Nashville, Tenn. (TN Tribune)- Mark your calendar for September 10th, at 3 p.m. at the Jefferson Street Sound Museum.
The museum is hosting a book signing for Paula Blackman the author of “Night Train To Nashville the Greatest Untold Story of Music City.”
Set against the backdrop of Jim Crow, Night Train to Nashville takes readers behind the curtain of one of music’s greatest untold stories during the era of segregation and Civil Rights.
In another time and place, E. Gab Blackman and William Sousa “Sou” Bridgeforth might have been as close as brothers, but in 1950s Nashville they remained separated by the color of their skin. Gab, a visionary yet opportunistic radio executive, saw something no one else did: a vast and untapped market with the R&B scene exploding in Black clubs across the city. He defied his industry, culture, government, and even his own family to broadcast Black music to a national audience.

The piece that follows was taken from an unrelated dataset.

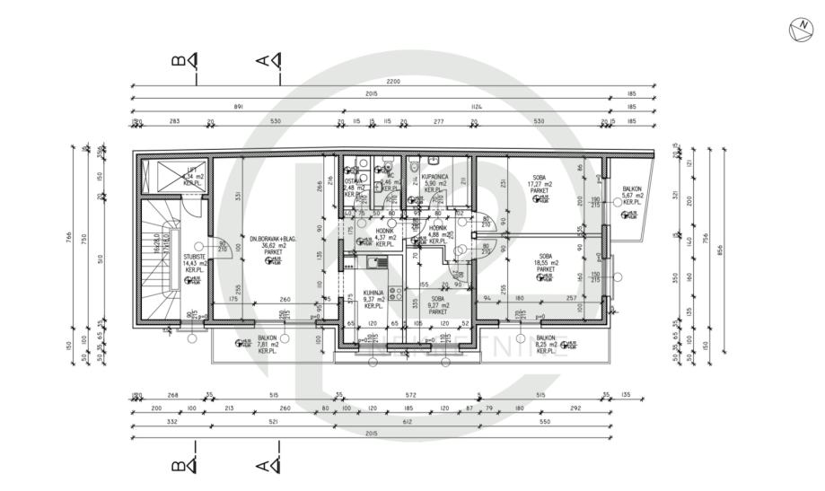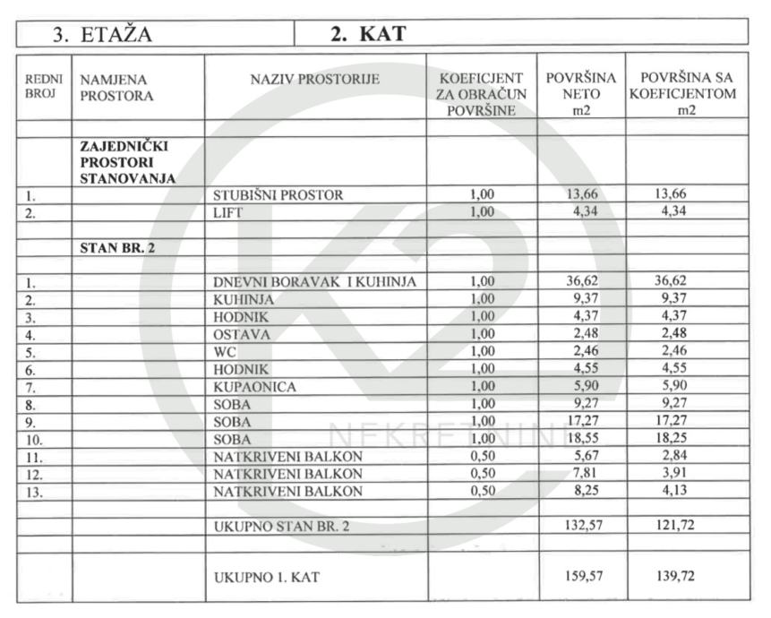 Stan na drugom katu ukupne površine 134,22 m2 sastoji se od:

Sou, the popular kingpin of Black Nashville and a grandson of slaves, led this movement into the second half of the twentieth century as his New Era Club on the Black side of town exploded in the aftermath of this new radio airplay. As the popularity of Black R&B grew, integrated parties and underground concerts spread throughout the city, and this new scene faced a dangerous inflection point: Could a segregated society ever find true unity?
Taking place during one of the most tumultuous times in US history, Night Train to Nashville explores how one city, divided into two completely different and unequal communities, demonstrated the power of music to change the world.